Für meine Version habe ich meinen Bensdorp Backkakao (gibt’s in der Backabteilung von Supermärkten) verwendet und die Schokolade ohne Zucker, dafür mit Erythrit. Geschmacklich erinnert sie mich an das Eiskonfekt von Moritz aus meiner Kindheit. Kleine bunte Kapseln aus dünnem Metall, mit der köstlichen Schokolade drin – soooo gut.

Frontalaufnahme mit selbstgemachter Schokolade ohne Zucker.
Ein Stapel mit selbstgemachter Schokolade

Mein Rezept ist glutenfrei und durch die Verwendung von Erythrit außerdem sozusagen zuckerfrei und obendrauf vegan. Perfekt also für alle, die Lust auf ein kleines Low Carb Schokoladenerlebnis haben.

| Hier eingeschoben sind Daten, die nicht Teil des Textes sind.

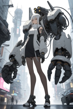 gigantic mechanical arms, 1girl, cyberpunk, science fiction, city, cowboy shot,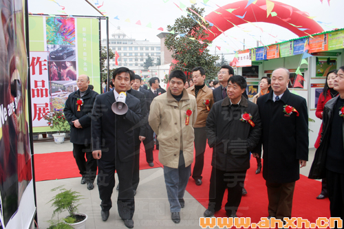 出席開幕式的領導參觀作品,并對本次作品展給予高度評價

Selbstgemachte Schokolade mit Mandelmehl, das Rezept

Bevor du mit dem Rezept beginnst, hoch ein kleiner Tipp: Die Schokolade hat nicht die Konsistenz wie klassische Schokolade. Es fehlt der Schmelz auf der Zunge – das liegt vor allem am Erythrit und auch an anderen Zutaten wie z.B. Lecithin, die hier nicht enthalten sind. Nichtsdestotrotz ist es Schokolade. Wenn du dich auf ein neues und vielleicht unerwartetes Schokoladenerlebnis einlassen möchtest, dann ist dieses Rezept bestimmt auch etwas für dich. Jetzt aber erstmal zum Rezept:

Flatlay-Aufnahme mit mehreren Schokoladenstücken, die mit gehackten Mandeln und Kakao-Nibs dekoriert ist auf zerknittertem weißen Seidenpapier.
Meine erste selbstgemachte Schokolade

Zubereitungszeit

  • Vorbereitung: ca. 10 Minuten
  • Kühlzeit: ca. 30 Minuten
  • Gesamt: ca. 40 Minuten

Zutaten für selbstgemachte Schokolade

Portionen

Die gewählte Menge ergibt etwa 45 g Schokolade.

Für die Schokolade

  • 25 g Kakaobutter
  • 8 g Backkakao (z. B. Bensdorp aus dem Supermarkt)
  • 8 g teilentöltes Mandelmehl
  • 1 EL Pudererythrit
  • 1 Prise Salz
  • Etwas Bourbon-Vanille

Optional

  • Gehackte Mandeln
  • Pistazienkerne
  • Kakaonibs
  • Gefriergetrocknete Himbeeren

Hinweis: Direkt aus dem Kühlschrank wird die Schokolade besonders fest und erinnert geschmacklich am ehesten an Eiskonfekt.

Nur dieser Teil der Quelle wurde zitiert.